Three weeks later, I have my answer.
IV
It is a hot night in his sea garden. Huge, glittering stars humiliate the barren earth, in my opinion. Mosquitoes pester us while Aldo shampoos his armpits. He bathes at night, when he can’t be seen. The rock has a natural protuberance he uses as a towel rack. He scampers down to the water’s edge and jumps into the dark surging water and pulls himself back up; when he’s dry, he sits as still as the rock, as if to take on its colour and posture. The last surfer on the beach gives Aldo a kind of salute. We listen to the sea and tarpaulin flapping in the wind with an incessant series of thwacks. The ocean is black and fast-moving and Aldo tells me there are scratches on the moon’s face that were not there the night before.
He says, ‘I’ve got the traversing of a minute down to an art form.’
‘Well done. What?’
He smiles horribly, now that he leaves his teeth out, save for occasions of chewing meat.
‘You know how in Morrell’s book he writes that Wittgenstein says a man will be imprisoned in a room with a door that’s unlocked and opens inwards as long as it doesn’t occur to him to pull rather than to push?’
‘Yes but —’
‘I’m finally pulling.’
‘What does that mean?’
When you ask him a question he pauses now, as if sending it up the chain of command.
‘My hair roots, my neck nape, my elbow joint, my fat cells, my flesh, my cartilage, my bones, my tissue, my glands, my acids, my marrow, my bile, my whole musculoskeletal system —’
‘What about them?’
‘The attainment of infinity thus unfolds in an instant. That’s what she said.’
‘Who said?’
‘I was hoping to combine astral travelling and levitation and teleportation and spontaneous combustion — but these experiments of mind, time and matter are not progressing well. Maybe I don’t have the discipline. I honestly thought my circumstances would be ideal for promoting self-harm through mental telepathy, or at least close the morphological space between me and that black-browed albatross.’

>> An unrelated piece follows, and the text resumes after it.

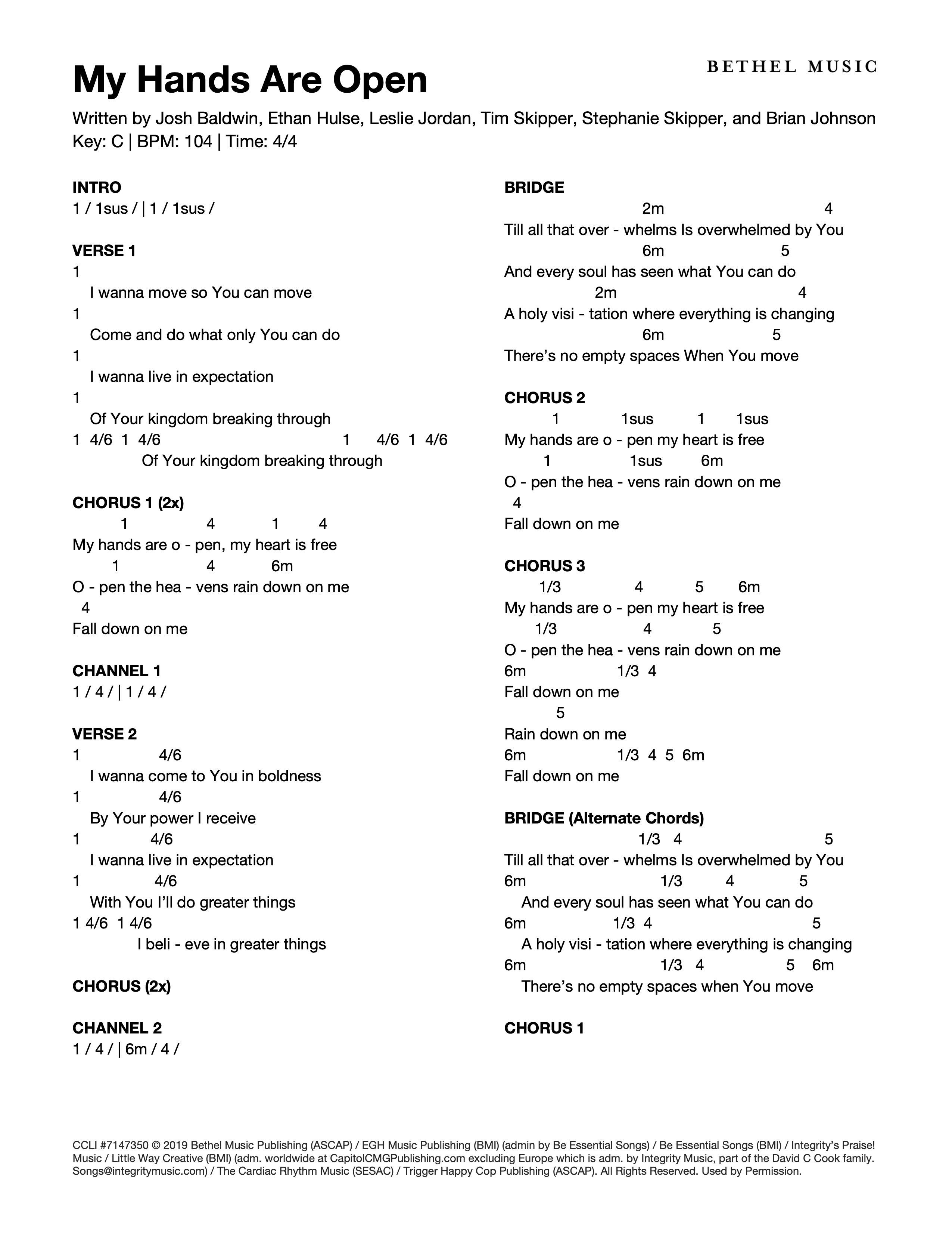 © 2019 Bethel Music Publishing (ASCAP) / EGH Music Publishing (BMI) (admin by Be Essential Songs) / Be Essential Songs (BMI) / Integrity’s Praise! Music / Little Way Creative (BMI) (adm. worldwide at CapitolCMGPublishing.com excluding Europe which is adm. by Integrity Music, part of the David C Cook family. [email protected]) / The Cardiac Rhythm Music (SESAC) / Trigger Happy Cop Publishing (ASCAP). All Rights Reserved. Used by Permission.

‘What black-browed albatross?’
‘What retards ascent?’
‘What?’
‘I am held down by superficial forces. To do away with weight or do away with gravity. That is the question.’

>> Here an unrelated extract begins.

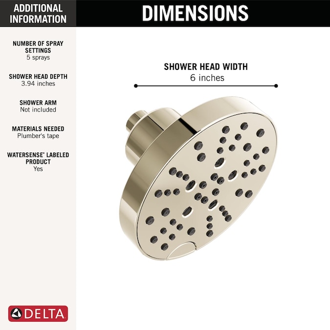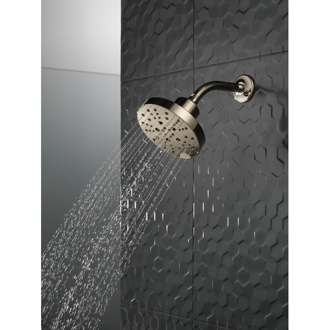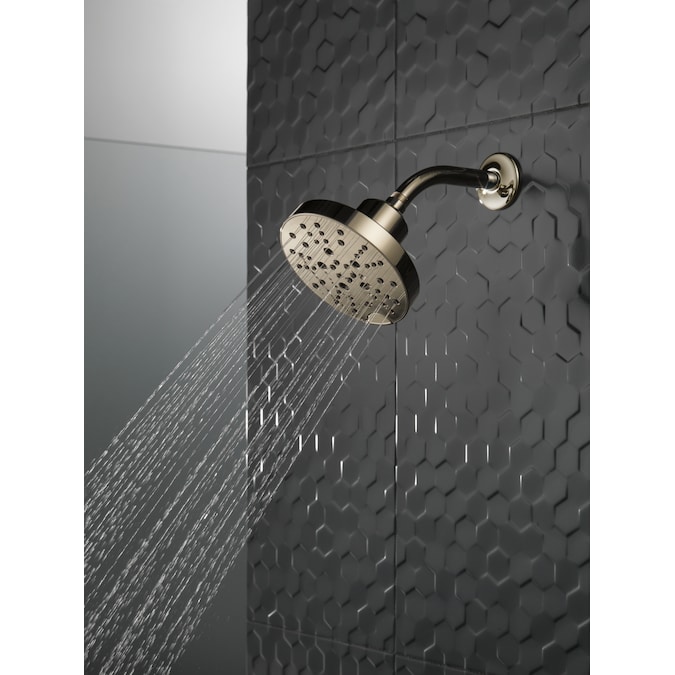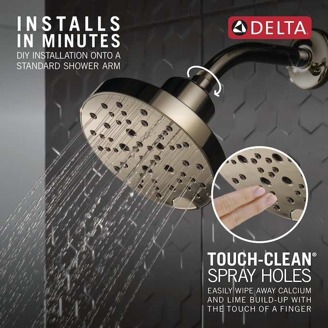 The confident slant of the Pivotal™ Bath Collection makes it a striking addition to a bathroom’s contemporary geometry for a look that makes a statement. Replacing your shower head is one of the quickest, simplest upgrades you can make to your shower. Our shower heads feature a wide range of styles and innovations, and install in less than 20 minutes – no special tools required. While other products may gather unsightly mineral build-up over time, Delta soft rubber Touch-Clean® spray holes allow any mineral residue to simply be wiped away for an instantly refreshed look – with no need for soaking or the aid of chemical cleaners. The pause setting gives you ample space for shaving, lathering and other shower tasks, then easily restarts the water with the temperature where you left off. This spray setting helps you conserve water, so you can worry less about depleting your supply of hot water – and you help the environment too. Delta WaterSense labeled faucets, showers and toilets use at least 20% less water than the industry standard—saving you money without compromising performance.

‘You can’t try out a new approach to life at your age. Your nose hairs are turning grey.’
‘I want my hands to be putty in my hands.’
‘See, I don’t know what that means.’
‘The Cambrian explosion was yesterday to me.’
‘Not any clearer.’
‘I’m talking about being aerodynamically borne aloft on my own beak or claw. I’m talking about adaptability, variability, discontinuity, divergence, diversification, allopatric speciation, flexibility where it counts. I’m talking about forceful invocation of will, about harnessing my clinical frustration for antagonism-based modification. I’m talking about evolvability , Liam. I’m not making this shit up. Ask any evolutionary biologist. Sudden mutations are a thing.’
Last week, he explains, he thought he’d made progress when the stars above him vibrated, and he experienced an oceanic, ecstatic feeling as if his endorphins and adrenaline and dopamine levels were going haywire, but when it was over, there was a bloody pool at the back of his head and he realised he’d likely had some kind of seizure, probably from low blood sugar or high fever or a tapeworm or encephalitis.